● Records supplied
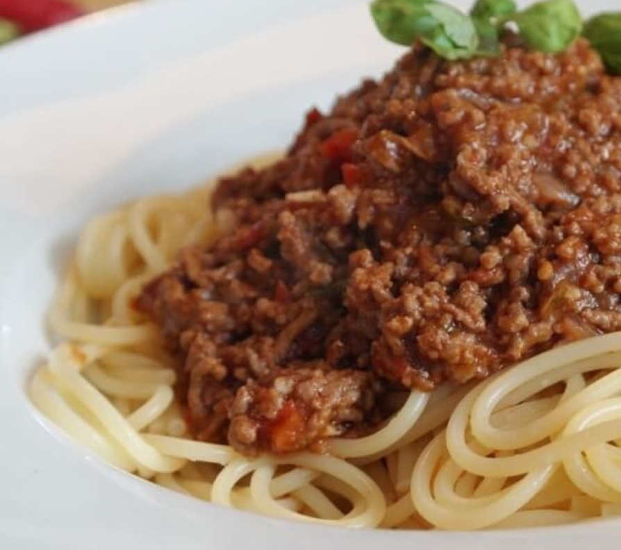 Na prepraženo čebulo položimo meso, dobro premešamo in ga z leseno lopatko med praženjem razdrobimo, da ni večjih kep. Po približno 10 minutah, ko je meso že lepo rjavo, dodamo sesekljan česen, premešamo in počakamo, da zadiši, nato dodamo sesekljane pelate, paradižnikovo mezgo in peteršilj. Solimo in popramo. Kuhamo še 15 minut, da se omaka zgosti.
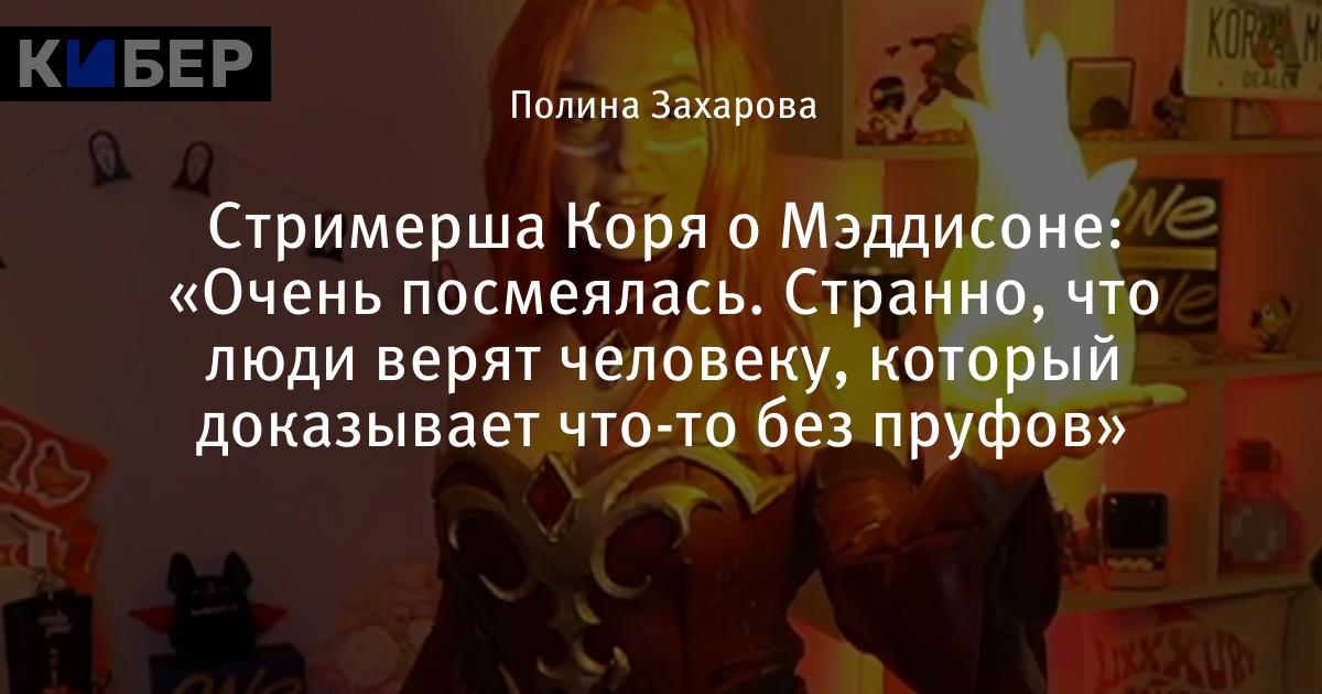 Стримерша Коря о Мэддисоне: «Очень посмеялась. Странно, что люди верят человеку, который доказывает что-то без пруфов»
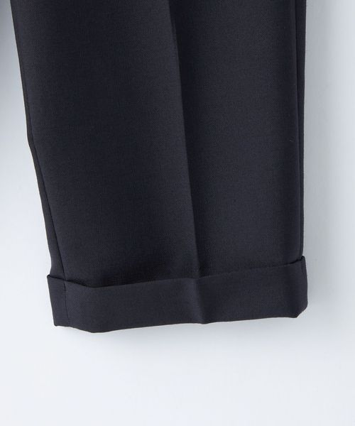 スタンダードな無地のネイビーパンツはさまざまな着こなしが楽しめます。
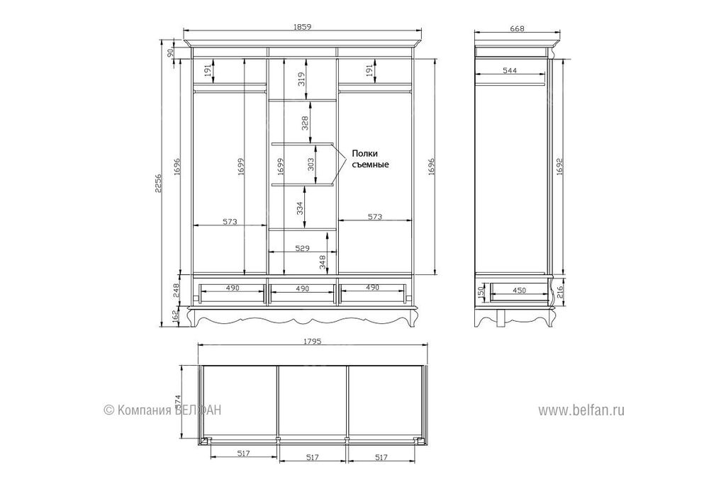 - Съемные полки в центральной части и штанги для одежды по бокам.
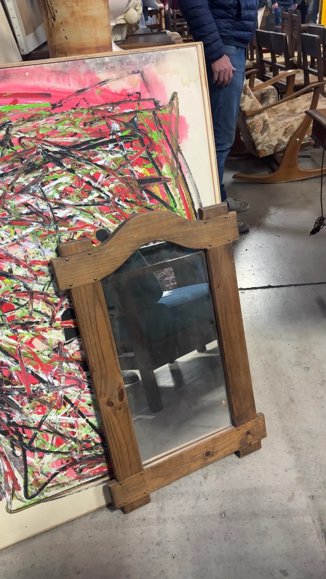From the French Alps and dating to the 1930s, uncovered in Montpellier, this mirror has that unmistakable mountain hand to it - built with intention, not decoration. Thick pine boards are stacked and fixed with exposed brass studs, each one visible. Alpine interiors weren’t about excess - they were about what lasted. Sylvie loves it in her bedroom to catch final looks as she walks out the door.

● Task statement
Print the material above exactly, skipping its images.

● Response box
 Na prepraženo čebulo položimo meso, dobro premešamo in ga z leseno lopatko med praženjem razdrobimo, da ni večjih kep. Po približno 10 minutah, ko je meso že lepo rjavo, dodamo sesekljan česen, premešamo in počakamo, da zadiši, nato dodamo sesekljane pelate, paradižnikovo mezgo in peteršilj. Solimo in popramo. Kuhamo še 15 minut, da se omaka zgosti.
 Стримерша Коря о Мэддисоне: «Очень посмеялась. Странно, что люди верят человеку, который доказывает что-то без пруфов»
 スタンダードな無地のネイビーパンツはさまざまな着こなしが楽しめます。
 - Съемные полки в центральной части и штанги для одежды по бокам.
From the French Alps and dating to the 1930s, uncovered in Montpellier, this mirror has that unmistakable mountain hand to it - built with intention, not decoration. Thick pine boards are stacked and fixed with exposed brass studs, each one visible. Alpine interiors weren’t about excess - they were about what lasted. Sylvie loves it in her bedroom to catch final looks as she walks out the door.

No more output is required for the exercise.